Input material
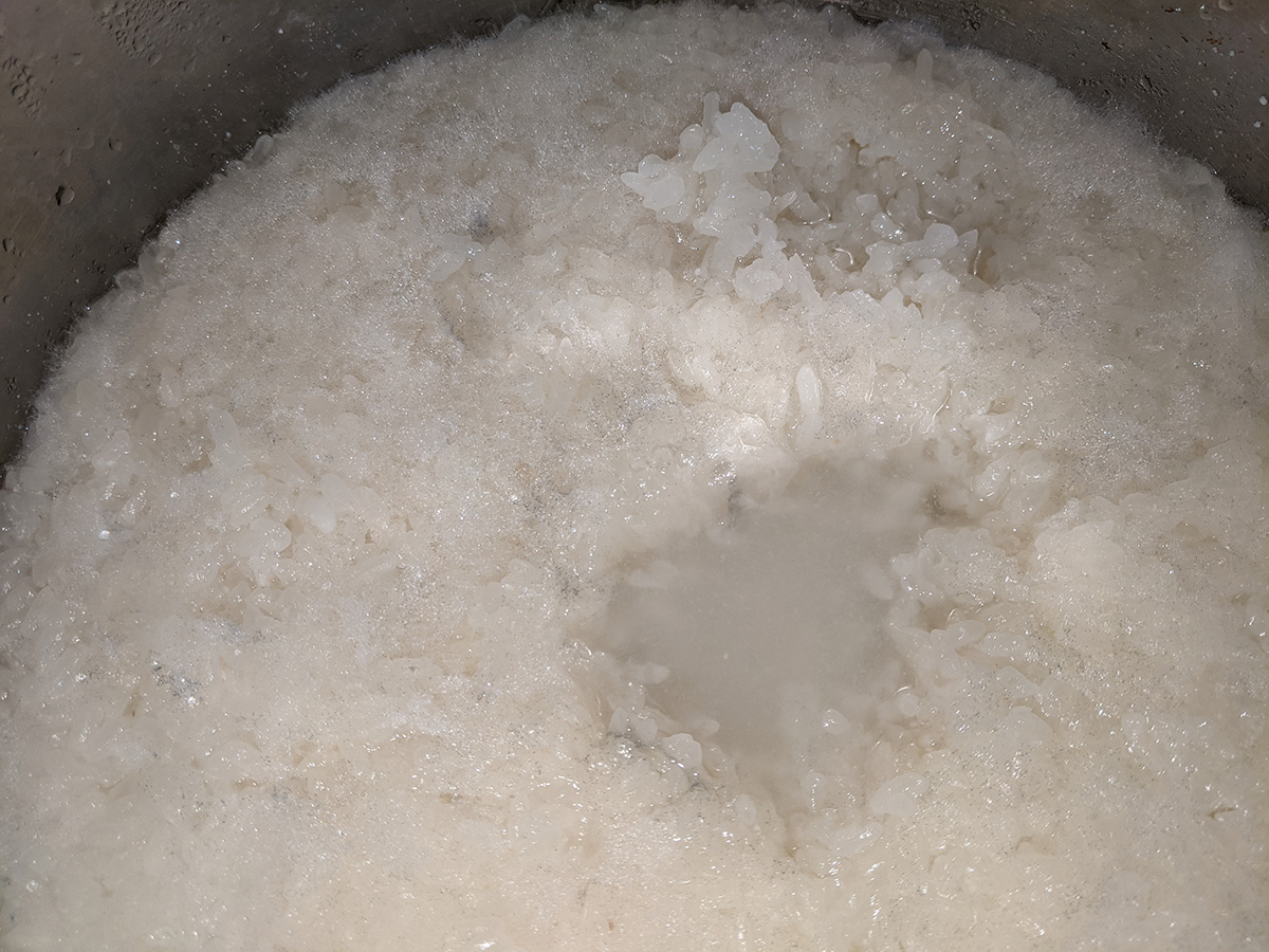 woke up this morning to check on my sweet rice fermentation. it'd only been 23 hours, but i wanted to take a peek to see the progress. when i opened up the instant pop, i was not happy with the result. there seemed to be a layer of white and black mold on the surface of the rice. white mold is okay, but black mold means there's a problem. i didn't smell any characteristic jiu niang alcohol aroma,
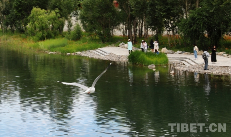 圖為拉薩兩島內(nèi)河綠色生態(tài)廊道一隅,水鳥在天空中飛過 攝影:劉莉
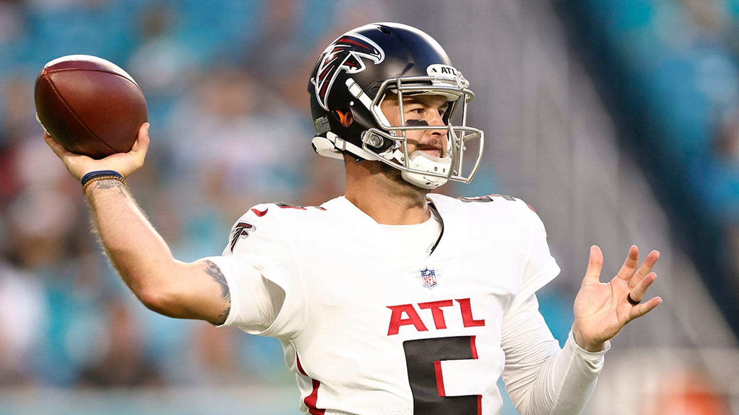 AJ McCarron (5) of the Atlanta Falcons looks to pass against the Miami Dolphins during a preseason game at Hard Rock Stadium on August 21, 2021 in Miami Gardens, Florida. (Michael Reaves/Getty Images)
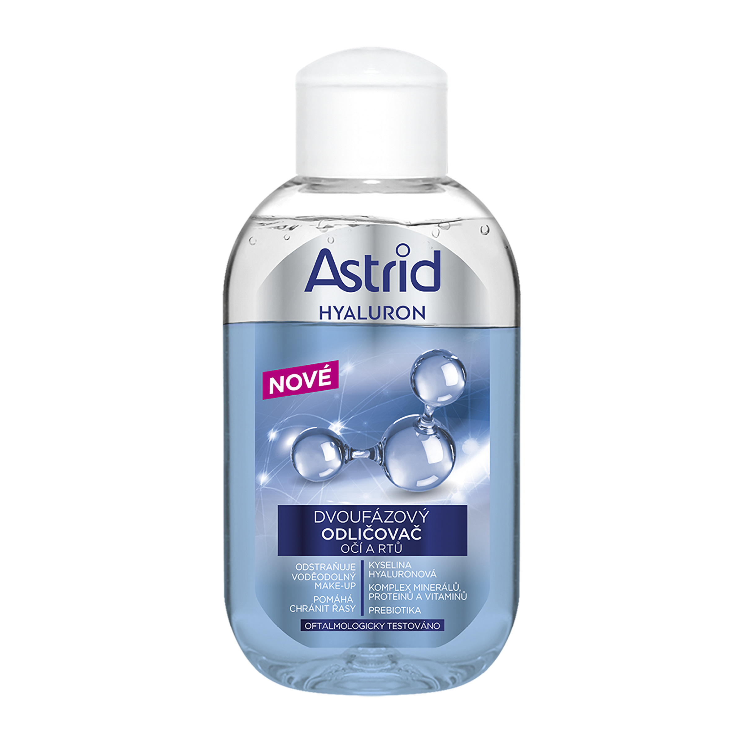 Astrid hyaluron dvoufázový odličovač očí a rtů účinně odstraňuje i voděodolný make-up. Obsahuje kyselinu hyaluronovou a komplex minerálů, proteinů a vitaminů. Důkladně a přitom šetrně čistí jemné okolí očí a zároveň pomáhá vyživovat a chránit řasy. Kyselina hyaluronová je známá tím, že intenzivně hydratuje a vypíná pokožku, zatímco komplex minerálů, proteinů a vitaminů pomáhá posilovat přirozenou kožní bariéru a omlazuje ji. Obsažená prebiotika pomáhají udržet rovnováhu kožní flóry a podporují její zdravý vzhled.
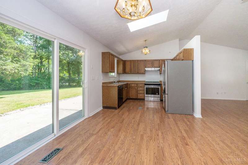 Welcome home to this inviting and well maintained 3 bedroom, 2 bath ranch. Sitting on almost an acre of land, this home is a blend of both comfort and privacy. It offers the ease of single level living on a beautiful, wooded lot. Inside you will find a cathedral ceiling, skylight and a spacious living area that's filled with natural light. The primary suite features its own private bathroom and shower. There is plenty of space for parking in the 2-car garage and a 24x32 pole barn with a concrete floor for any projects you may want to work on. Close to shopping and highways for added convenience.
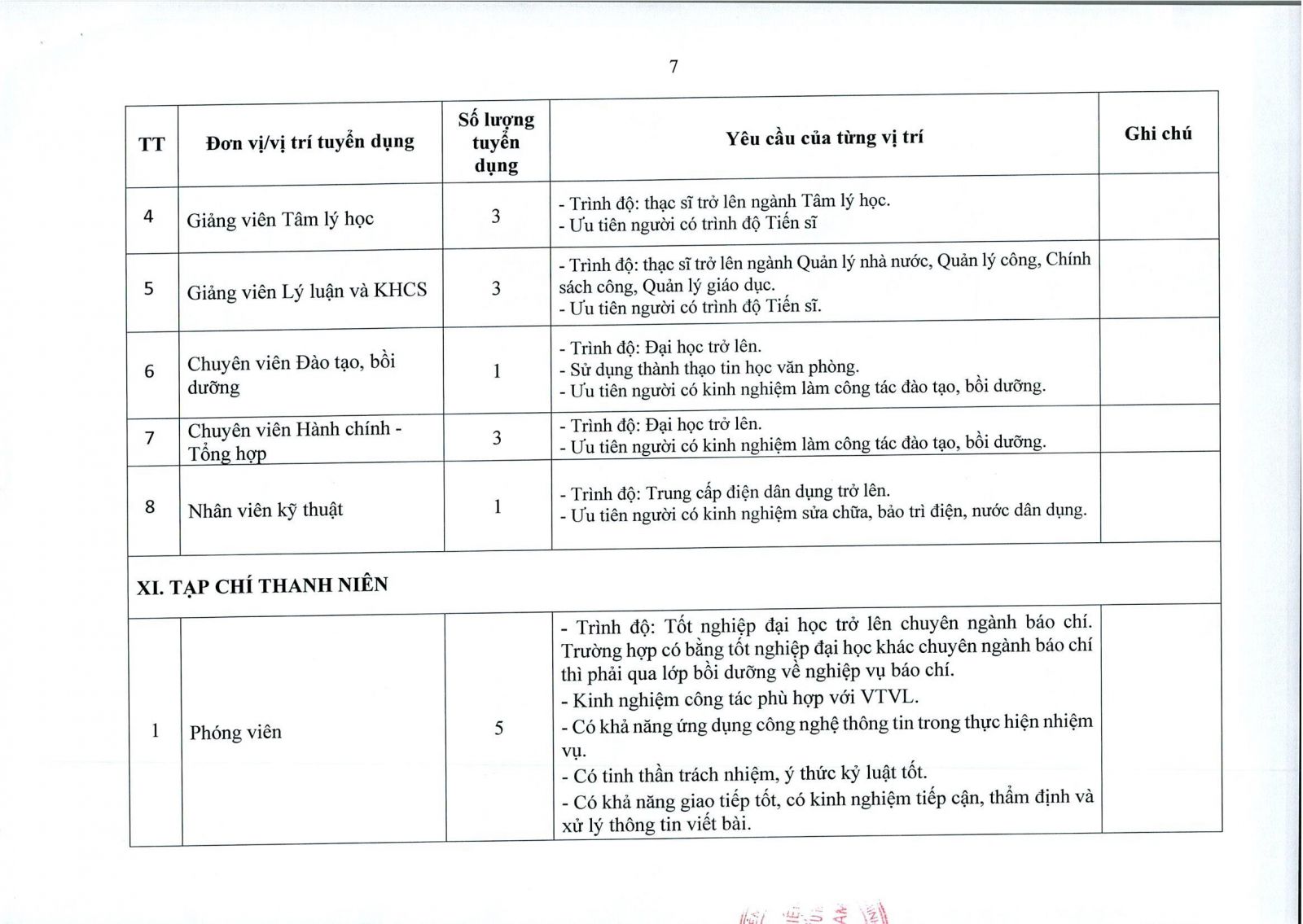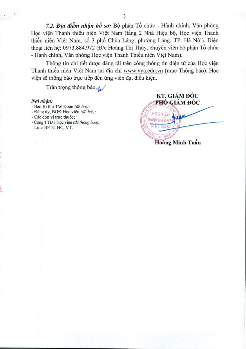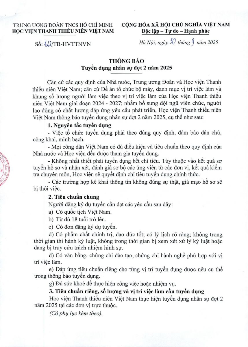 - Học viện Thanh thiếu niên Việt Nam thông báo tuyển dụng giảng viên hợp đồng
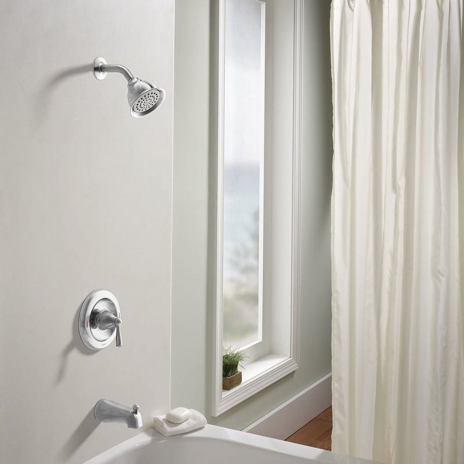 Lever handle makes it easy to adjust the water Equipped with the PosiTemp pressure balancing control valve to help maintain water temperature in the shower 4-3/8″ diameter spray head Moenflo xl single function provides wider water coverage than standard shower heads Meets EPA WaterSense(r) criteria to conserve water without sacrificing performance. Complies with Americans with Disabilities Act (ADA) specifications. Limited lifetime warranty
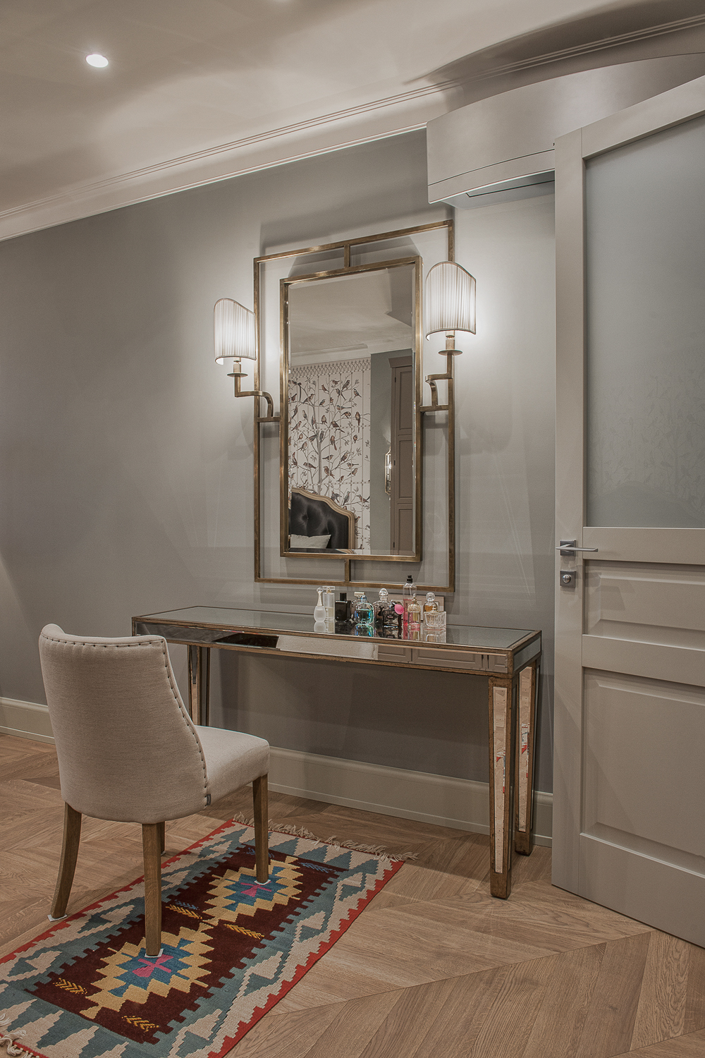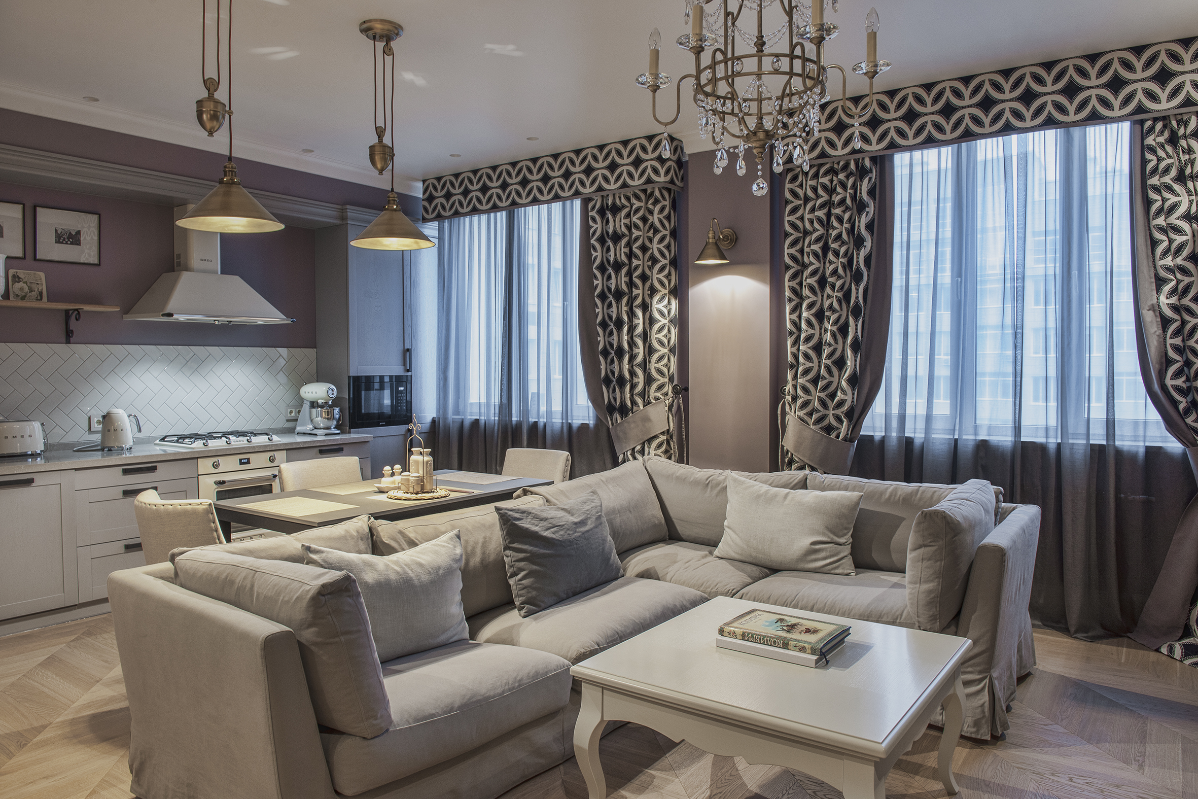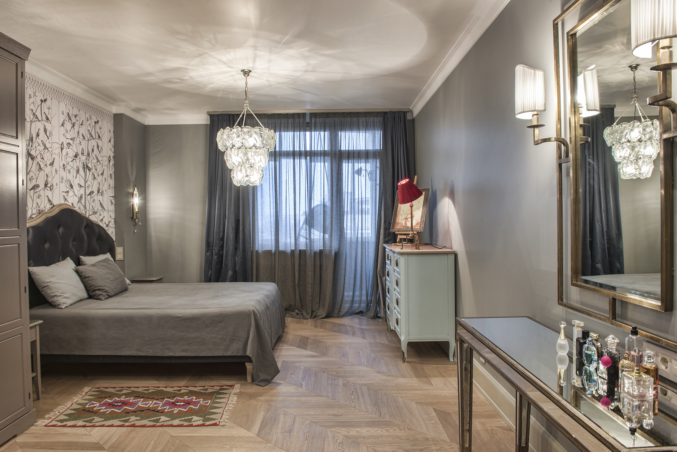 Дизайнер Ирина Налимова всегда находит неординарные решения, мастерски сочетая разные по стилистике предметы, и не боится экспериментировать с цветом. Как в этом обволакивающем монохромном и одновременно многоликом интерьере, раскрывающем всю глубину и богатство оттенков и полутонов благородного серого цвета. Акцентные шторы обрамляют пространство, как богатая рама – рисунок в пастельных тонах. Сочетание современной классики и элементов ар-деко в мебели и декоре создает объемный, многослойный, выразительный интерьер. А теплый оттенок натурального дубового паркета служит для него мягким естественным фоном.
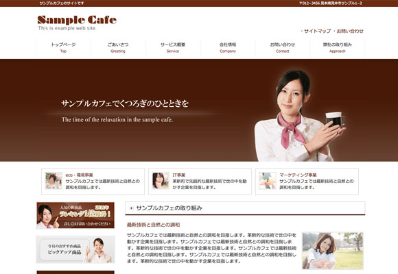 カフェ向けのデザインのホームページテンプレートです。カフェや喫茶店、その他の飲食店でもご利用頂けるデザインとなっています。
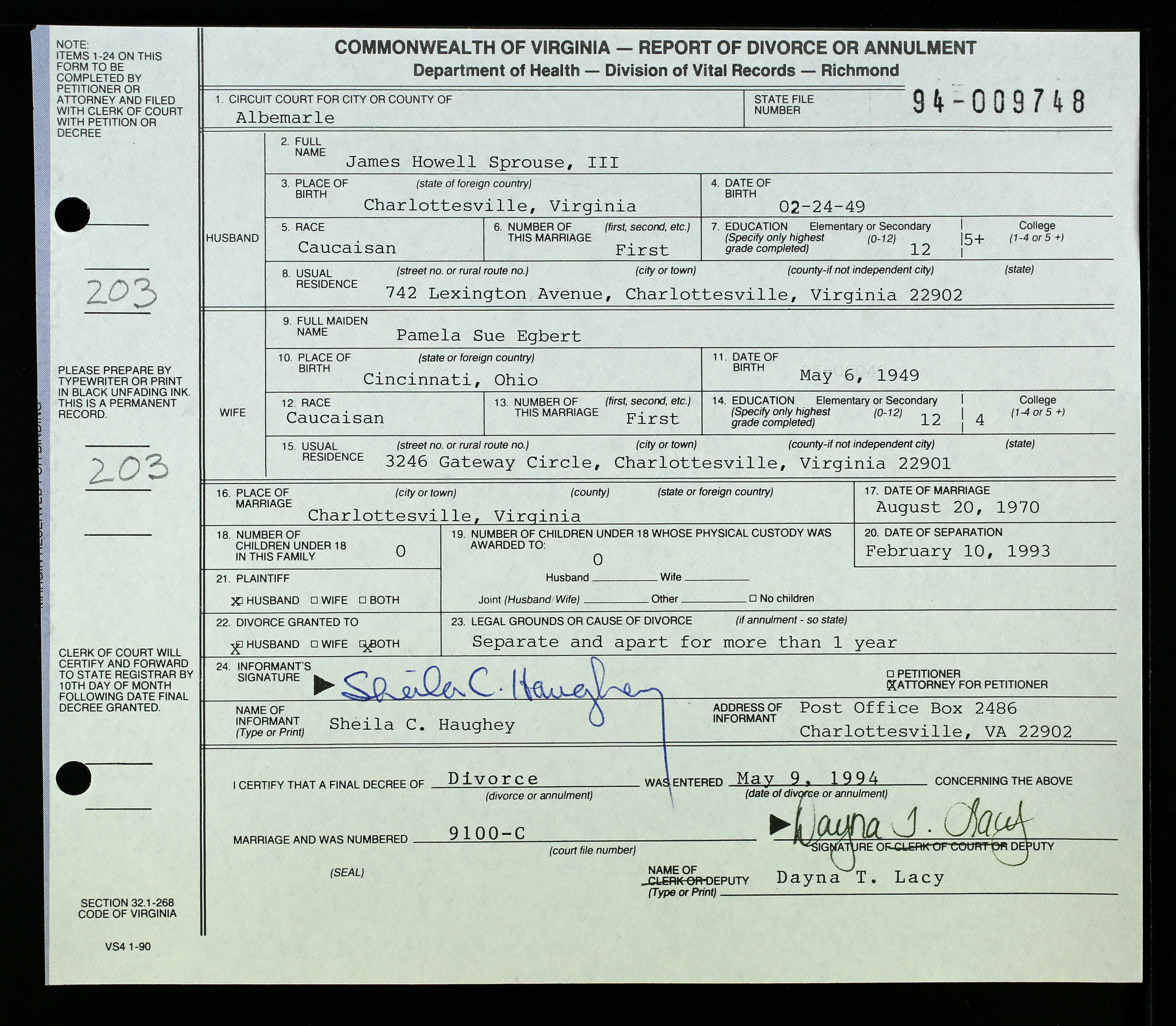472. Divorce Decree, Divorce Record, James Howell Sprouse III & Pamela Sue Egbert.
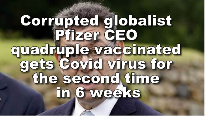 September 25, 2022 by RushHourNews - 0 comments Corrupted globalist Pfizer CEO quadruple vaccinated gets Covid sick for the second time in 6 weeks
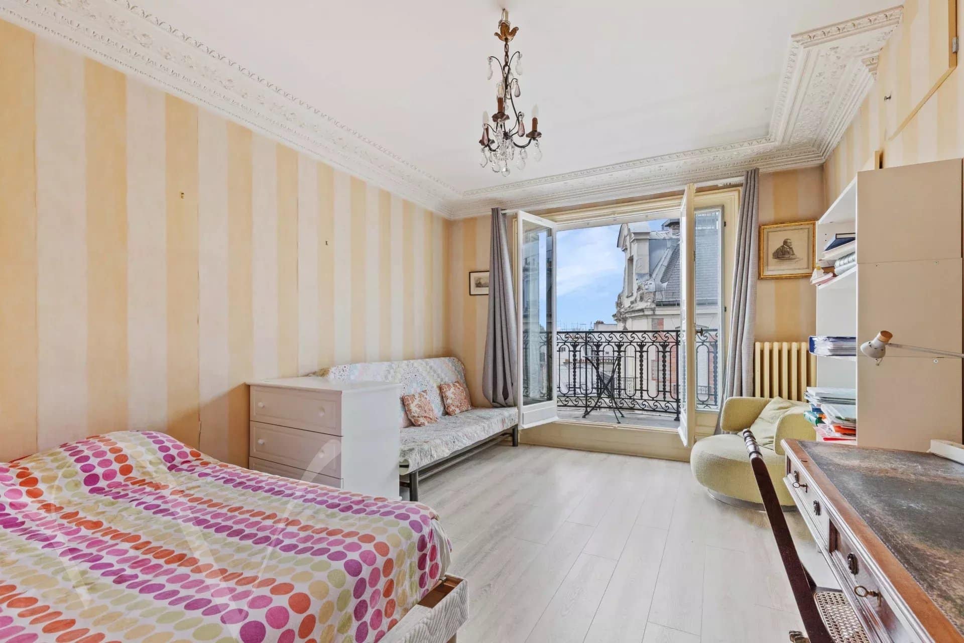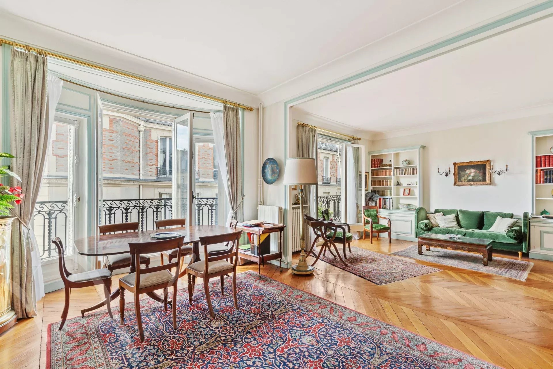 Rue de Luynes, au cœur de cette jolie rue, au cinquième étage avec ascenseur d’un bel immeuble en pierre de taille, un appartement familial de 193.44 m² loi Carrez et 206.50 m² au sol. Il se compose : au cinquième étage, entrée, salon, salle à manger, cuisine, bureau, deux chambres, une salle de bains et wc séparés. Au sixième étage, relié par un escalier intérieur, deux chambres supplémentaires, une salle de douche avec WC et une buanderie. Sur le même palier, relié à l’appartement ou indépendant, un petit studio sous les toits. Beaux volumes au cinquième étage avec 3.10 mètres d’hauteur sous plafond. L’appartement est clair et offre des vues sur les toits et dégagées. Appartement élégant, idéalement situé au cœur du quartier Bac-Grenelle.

The task
The whole listing must be restated word for word. Leave out any pictures.

Task solution
 woke up this morning to check on my sweet rice fermentation. it'd only been 23 hours, but i wanted to take a peek to see the progress. when i opened up the instant pop, i was not happy with the result. there seemed to be a layer of white and black mold on the surface of the rice. white mold is okay, but black mold means there's a problem. i didn't smell any characteristic jiu niang alcohol aroma,
 圖為拉薩兩島內(nèi)河綠色生態(tài)廊道一隅,水鳥在天空中飛過 攝影:劉莉
 AJ McCarron (5) of the Atlanta Falcons looks to pass against the Miami Dolphins during a preseason game at Hard Rock Stadium on August 21, 2021 in Miami Gardens, Florida. (Michael Reaves/Getty Images)
 Astrid hyaluron dvoufázový odličovač očí a rtů účinně odstraňuje i voděodolný make-up. Obsahuje kyselinu hyaluronovou a komplex minerálů, proteinů a vitaminů. Důkladně a přitom šetrně čistí jemné okolí očí a zároveň pomáhá vyživovat a chránit řasy. Kyselina hyaluronová je známá tím, že intenzivně hydratuje a vypíná pokožku, zatímco komplex minerálů, proteinů a vitaminů pomáhá posilovat přirozenou kožní bariéru a omlazuje ji. Obsažená prebiotika pomáhají udržet rovnováhu kožní flóry a podporují její zdravý vzhled.
 Welcome home to this inviting and well maintained 3 bedroom, 2 bath ranch. Sitting on almost an acre of land, this home is a blend of both comfort and privacy. It offers the ease of single level living on a beautiful, wooded lot. Inside you will find a cathedral ceiling, skylight and a spacious living area that's filled with natural light. The primary suite features its own private bathroom and shower. There is plenty of space for parking in the 2-car garage and a 24x32 pole barn with a concrete floor for any projects you may want to work on. Close to shopping and highways for added convenience.
 - Học viện Thanh thiếu niên Việt Nam thông báo tuyển dụng giảng viên hợp đồng
 Lever handle makes it easy to adjust the water Equipped with the PosiTemp pressure balancing control valve to help maintain water temperature in the shower 4-3/8″ diameter spray head Moenflo xl single function provides wider water coverage than standard shower heads Meets EPA WaterSense(r) criteria to conserve water without sacrificing performance. Complies with Americans with Disabilities Act (ADA) specifications. Limited lifetime warranty
 Дизайнер Ирина Налимова всегда находит неординарные решения, мастерски сочетая разные по стилистике предметы, и не боится экспериментировать с цветом. Как в этом обволакивающем монохромном и одновременно многоликом интерьере, раскрывающем всю глубину и богатство оттенков и полутонов благородного серого цвета. Акцентные шторы обрамляют пространство, как богатая рама – рисунок в пастельных тонах. Сочетание современной классики и элементов ар-деко в мебели и декоре создает объемный, многослойный, выразительный интерьер. А теплый оттенок натурального дубового паркета служит для него мягким естественным фоном.
 カフェ向けのデザインのホームページテンプレートです。カフェや喫茶店、その他の飲食店でもご利用頂けるデザインとなっています。
472. Divorce Decree, Divorce Record, James Howell Sprouse III & Pamela Sue Egbert.
 September 25, 2022 by RushHourNews - 0 comments Corrupted globalist Pfizer CEO quadruple vaccinated gets Covid sick for the second time in 6 weeks
 Rue de Luynes, au cœur de cette jolie rue, au cinquième étage avec ascenseur d’un bel immeuble en pierre de taille, un appartement familial de 193.44 m² loi Carrez et 206.50 m² au sol. Il se compose : au cinquième étage, entrée, salon, salle à manger, cuisine, bureau, deux chambres, une salle de bains et wc séparés. Au sixième étage, relié par un escalier intérieur, deux chambres supplémentaires, une salle de douche avec WC et une buanderie. Sur le même palier, relié à l’appartement ou indépendant, un petit studio sous les toits. Beaux volumes au cinquième étage avec 3.10 mètres d’hauteur sous plafond. L’appartement est clair et offre des vues sur les toits et dégagées. Appartement élégant, idéalement situé au cœur du quartier Bac-Grenelle.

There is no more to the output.